If plaintiff Gretna Racing, based way up in northwestern Florida, wins its argument that it has the right to offer slot machines because voters approved them in a referendum, then five other counties stand to also add slots, via a similar argument. If Gretna wins, the Seminoles' hopes for a monopoly on slot machines outside of South Florida goes out the window with the compact negotiated between Gov. Rick Scott and the tribe. That plan stalled in the Legislature. They’ll have to start over. Waiting on that Gretna case caused foot-dragging in this year’s legislative session, says Steve Geller, a former Florida state senator and former president of the National Council of Legislators from Gaming States.
“I think next year, more likely than not, if the Supreme Court rules by fall on the Gretna case, then you have the conditions for a compact,” Geller said.
Meanwhile, blackjack, baccarat, and other table games continue at the five Seminole properties outlined in a 2010 compact. These will likely still be rolling along when the Legislature convenes next spring, even though that portion of the compact expired in July.
"The tribe is going to take time to carefully consider all of its options,” Seminole spokesman Gary Bitner says.
We’ve been here before. In 2007, the Seminole and then-Gov. Charlie Crist reached a compact for blackjack, only to see it voided by the courts, which ruled the Legislature had to sign off on such an agreement. The tribe had begun to pay more than $200 million per year to the state and had already begun offering the games. So they simply kept the tables open while the courts and Legislature worked things out.
“I think they’ll do exactly what they did last time,” Geller said.
The tribe, meanwhile has filed suit against the state, declaring the compact was voided because the Division of Pari-Mutuel Wagering approved games similar to Ultimate Texas Hold’em, Pai Gow Poker, and War. Pari-mutuels have argued the games pit player against player and thus are OK under current laws because they are classified as poker.
An agreement between the state and the Seminoles is only one step, though, Geller notes. The U.S. Department of Interior still must review compacts and agree that the tribes are receiving an adequate benefit for the money they are paying. Under the Obama administration, the department has been viewed as more Indian-friendly and has been more likely to reject compacts.

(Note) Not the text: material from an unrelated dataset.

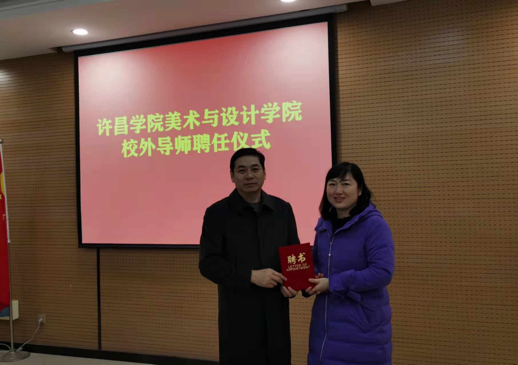 12月9日下午三点,在美术与设计学院三楼会议室召开了隆重的聘任仪式。聘任东城区教研室美术教研员高级教师刘丹、东城区实验学校中小学一级教师高琪为我院校外指导老师。参加聘任仪式的有美术与设计学院党委书记张利、院长王雨及许昌学院钧瓷文化产业中心主任、美术与设计学院副院长张少华等领导和部分师生代表。
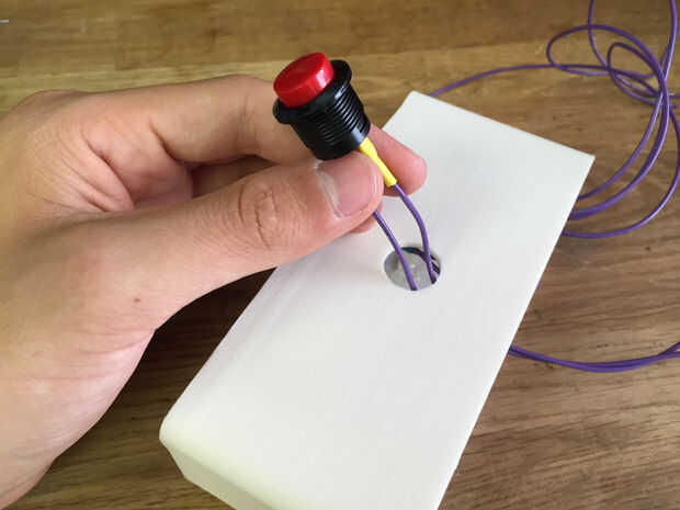 Instalar el botón y asegúrelo con la tuerca incluida. Soldar un cable a la energía positiva y el otro al pin digital 4 de la baratija Pro.

Geller also points to the legislative makeup as being more promising this year, especially because Sen. Bill Galvano, who helped negotiate the first compact, will be able to devote more attention to the issue, having been occupied with reapportionment last session.
“He understands it probably better than anyone,” Geller said. “Having Bill’s full attention and involvement would clearly help to create a compact.”
And with the compact could come upgrades to South Florida racetrack casinos, such as a lower slot tax and the addition of blackjack. Legislators say those proposals on their own can’t pass but have a chance as part of an overall plan that includes more revenue from the Seminole.